▶ TASK GOAL
Repeat the lines from the line with "HAIX® FL Fit System" to the line with "Abmessung mit eingeklapptem" in the listing below, keeping both end lines and adding nothing.

▶ GIVEN ENTRIES
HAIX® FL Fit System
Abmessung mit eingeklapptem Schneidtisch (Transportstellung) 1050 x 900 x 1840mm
--
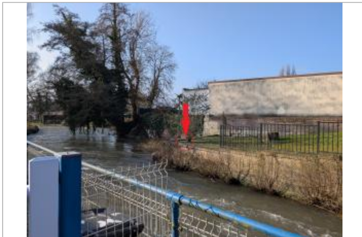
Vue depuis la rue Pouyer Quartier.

▶ RESULT FOR THIS TASK
HAIX® FL Fit System
Abmessung mit eingeklapptem Schneidtisch (Transportstellung) 1050 x 900 x 1840mm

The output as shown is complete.